State Senate redistricting keeps eastern Connecticut as is
The General Assembly's Reapportionment Commission unanimously approved a new map for Connecticut’s state Senate districts on Tuesday.
None of the changes affect southeastern Connecticut; the region’s Senate districts — 18, 19, 20 and 33 — are largely staying the same. Population increases in the Stamford area did cause a change.
State Sen. Cathy Osten, D-Sprague, put it simply on Tuesday: “Eastern Connecticut in the Senate stayed pretty much the same.”
“I’ve always enjoyed my district and I’m pleased that I get to stay representing the people I’ve been representing all along,” she said. “I thought I might get another town or two ... but I didn’t know what was going to happen. I have fewer people right now, but I was significantly over the 100,000 mark before, now I’m just slightly under.”
State Sen. Paul Formica, R-East Lyme, who is on the commission, said the nine-person group — he and Senate Minority Leader Kevin Kelly, R-Stratford; House Minority Leader Vincent Candelora, R-North Branford; state Rep. Jason Perillo, R-Shelton; House Speaker Matt Ritter, D-Hartford; House Majority Leader Jason Rojas, D-East Hartford; Senate President Martin Looney, D-New Haven; Senate Majority Leader Bob Duff, D-Norwalk, and John McKinney, a former Republican state senator chosen by the commission — had the same question for state Senate redistricting as it did House redistricting.
“How do we best accommodate the population increase in Fairfield County as efficiently as possible?” Formica said, adding that the commission tried to keep Senate districts to between about 95,000 and 105,000 people. The Fairfield area of the state did see some changes, with the 26th District extending into Stamford, among other alterations.
Southeastern Connecticut was more affected by the new state House district map approved by the commission last week.
State representatives and senators said last week that a population shift away from eastern Connecticut and toward Fairfield County accounted for adding the 42nd district to cover Wilton, part of New Canaan and part of Ridgefield and taking it away from Ledyard, Preston and part of Montville. State Rep. Mike France, R-Ledyard, currently represents the 42nd district. He is retiring after his current term, making the loss of the seat sting less for Republicans. France said he made the decision to show he’s serious about running for U.S. Congress against Rep. Joe Courtney, D-2nd District.

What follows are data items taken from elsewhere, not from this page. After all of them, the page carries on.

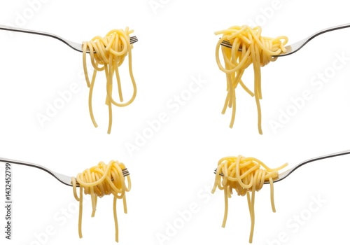 Four forks holding twirled spaghetti noodles against a stark white background in a square arrangement
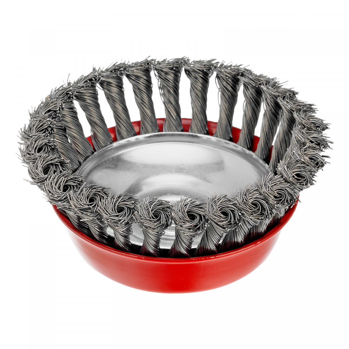 Щетка Matrix «Чашка» 74627 диаметром 125 мм, с присоединительной резьбой М14, с щетиной из крученой проволоки диаметром 0,5 мм, устанавливается на УШМ, поддерживающую работу со скоростью 6500 об/мин. Изделие предназначено для грубой (черновой) обработки поверхностей и подходит для удаления загрязнений, снятия толстого слоя ржавчины, ЛКМ, зачистки сварных швов.
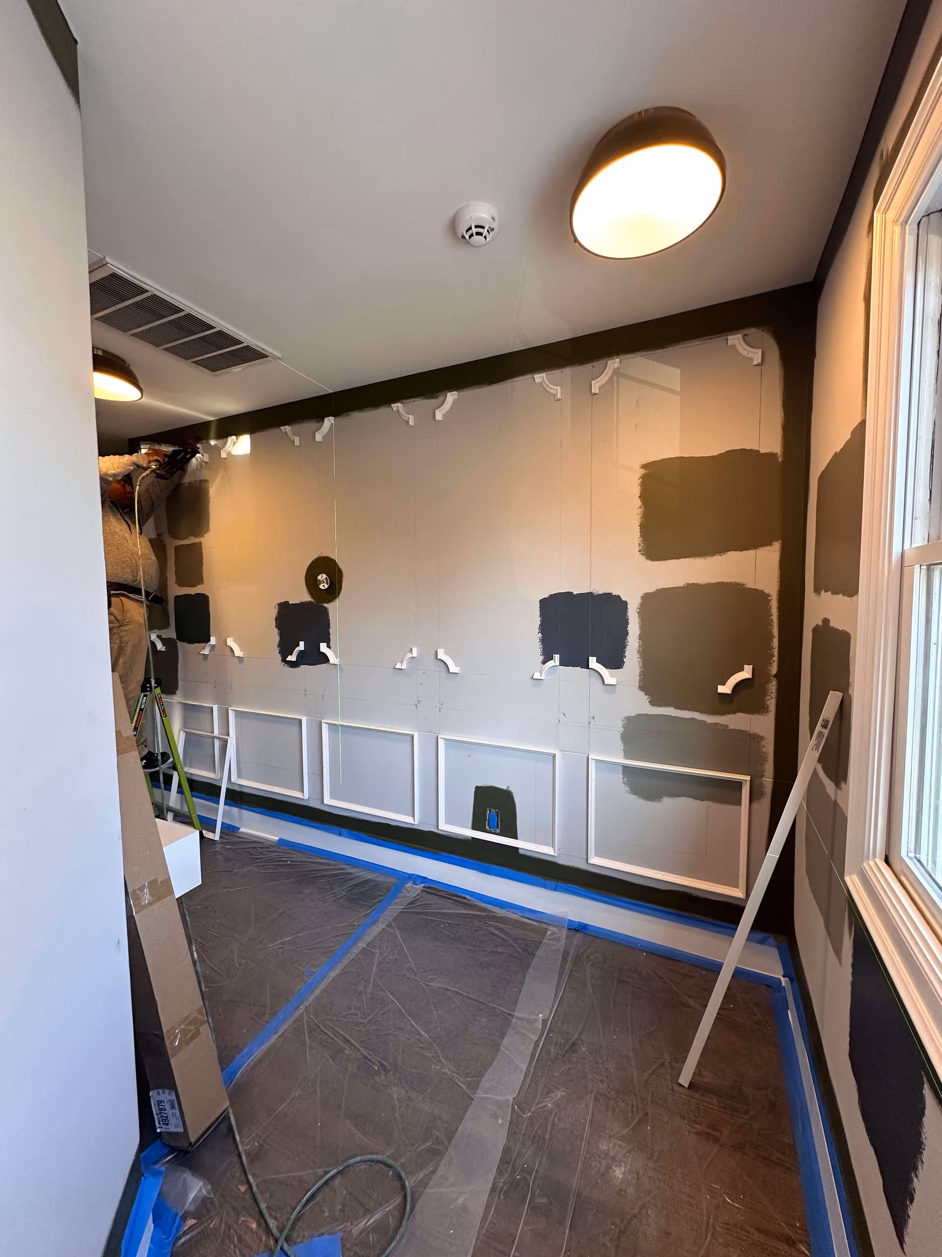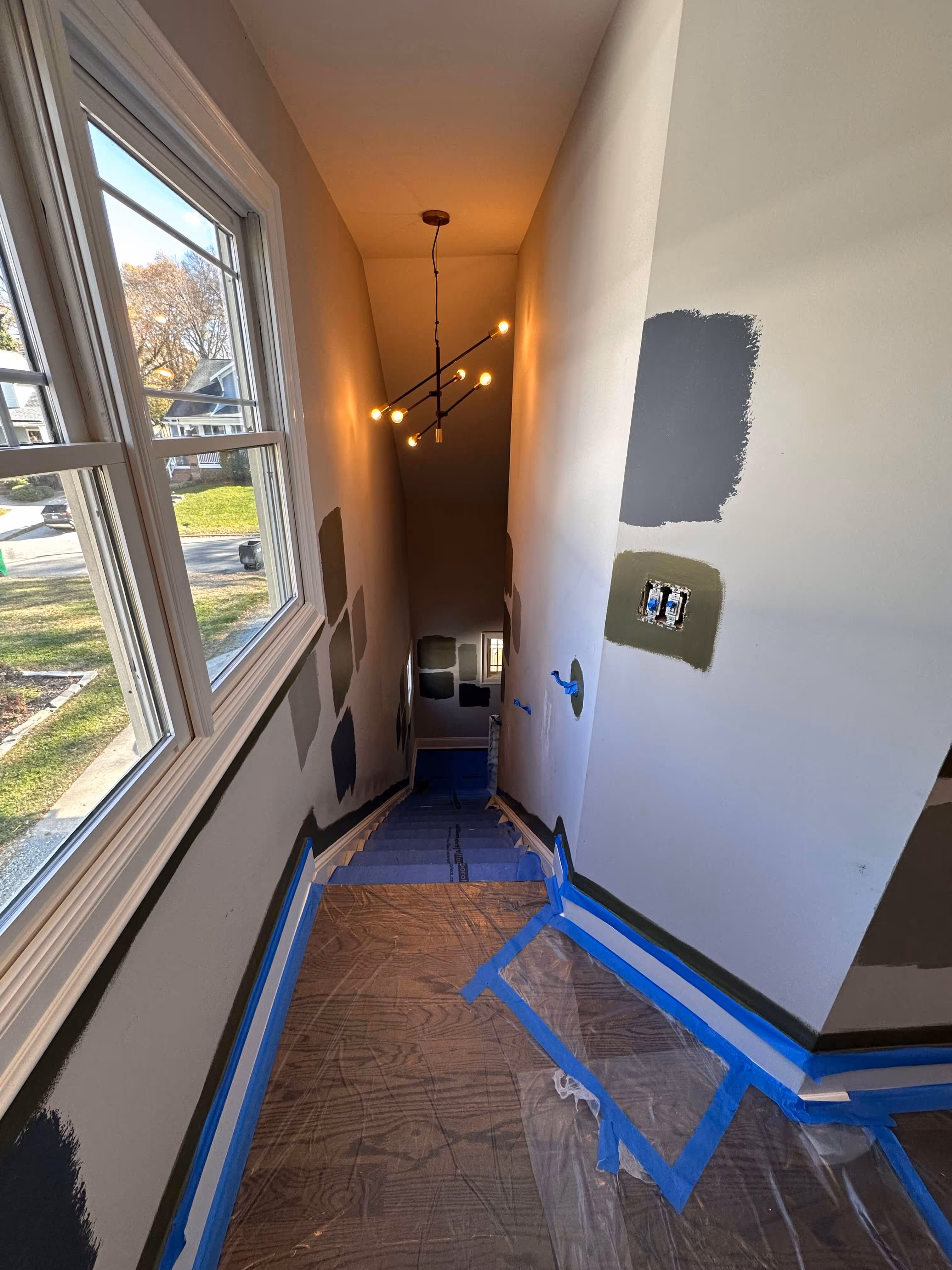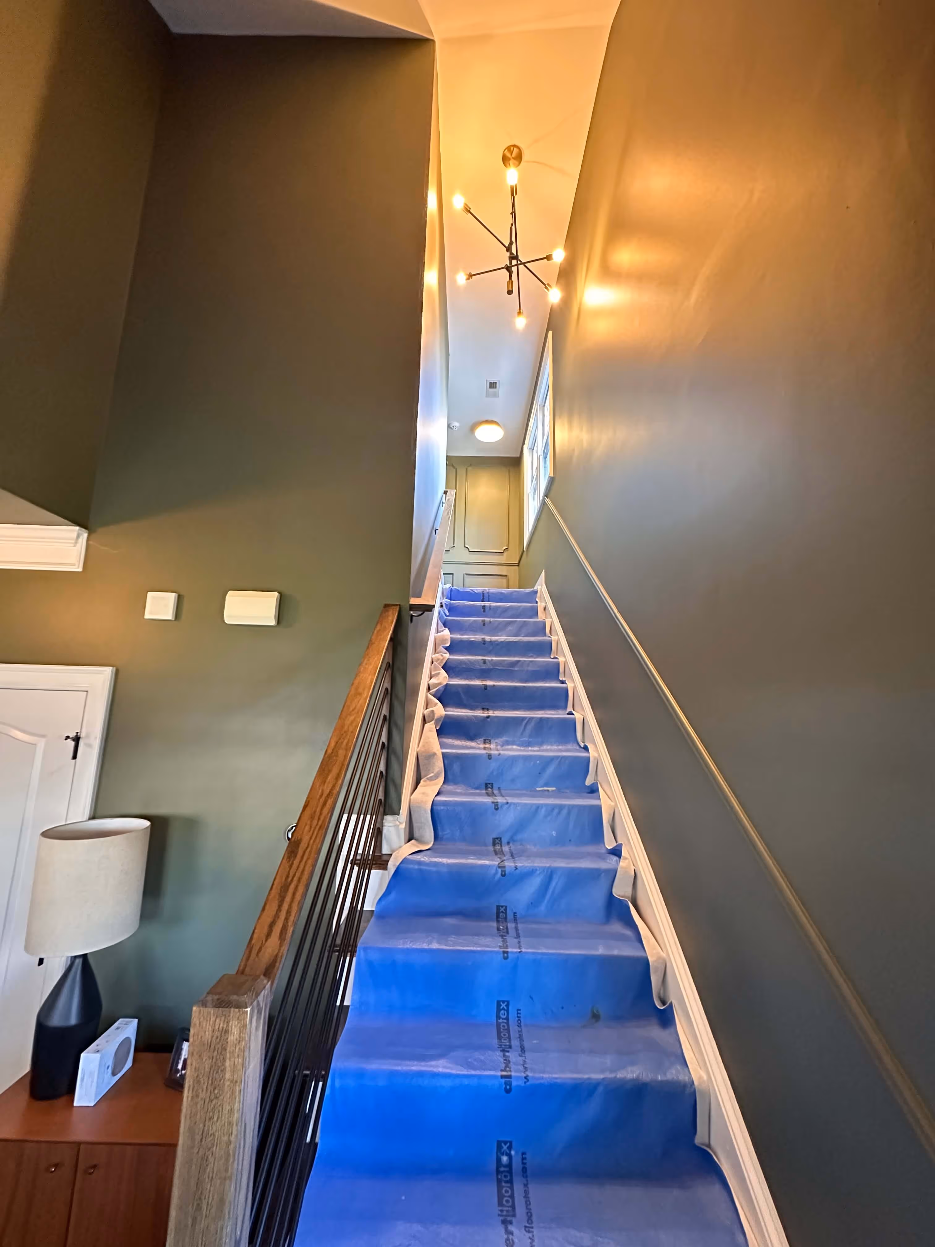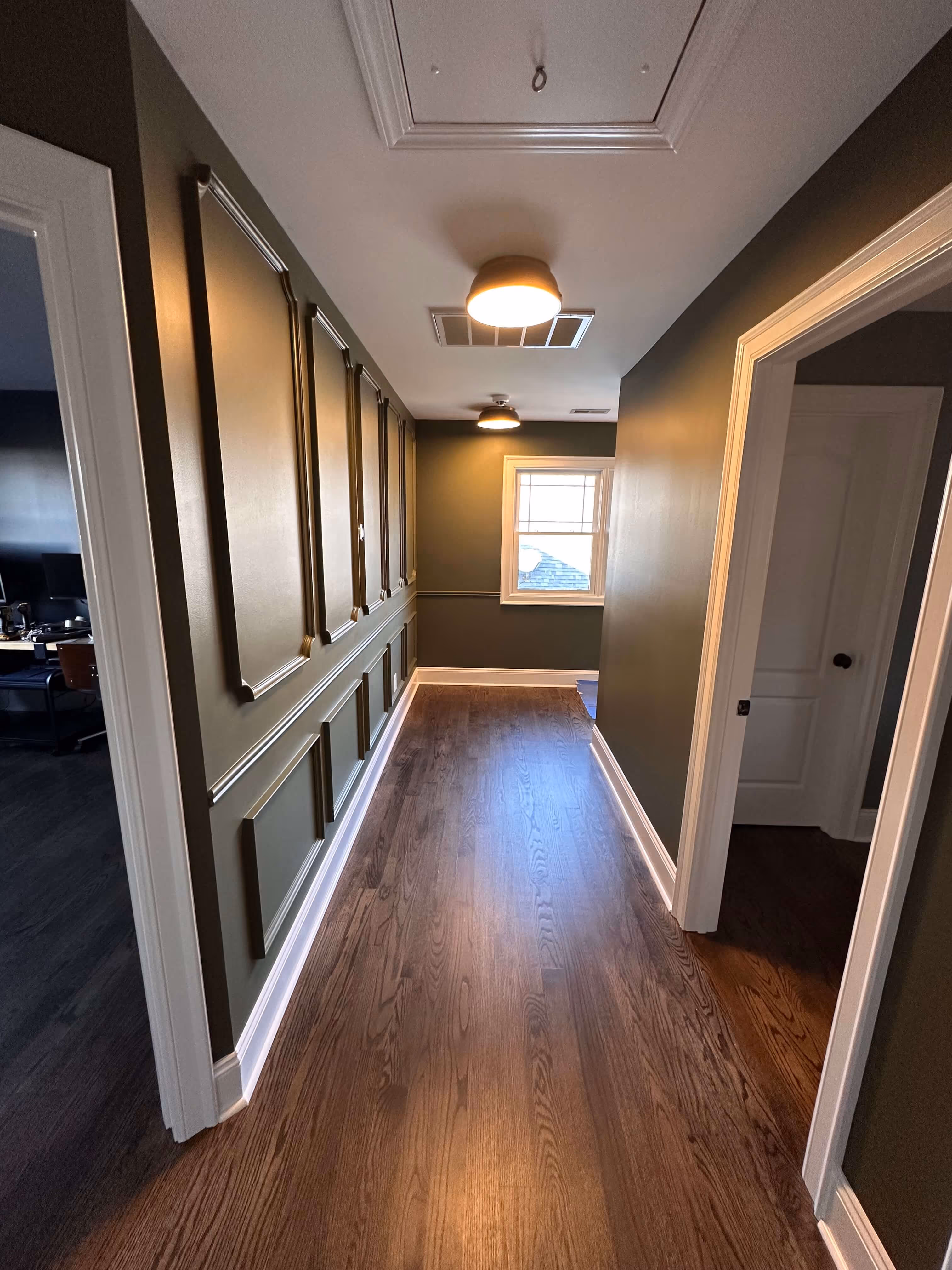 Our clients wanted to add texture and depth to a long hallway and stairwell that previously lacked detail. With our in-house carpentry and painting team, we brought their vision to life using custom trim molding and a refined interior paint application that highlights both craftsmanship and color.

Almost all of Ledyard is now in Republican Rep. Greg Howard’s 43rd District, but part of it is also in the 45th District, currently represented by Republican Brian Lanoue of Griswold. The new House district map also includes part of Montville in the 37th District, a seat held by Rep. Holly Cheeseman, R-East Lyme. Joe de la Cruz, D-Groton, who represents the 41st District, is picking up part of Stonington from Howard as a result of Howard's district taking in the majority of Ledyard. The 40th District, represented by Christine Conley, now will have the southern tip of New London and will no longer have part of Ledyard.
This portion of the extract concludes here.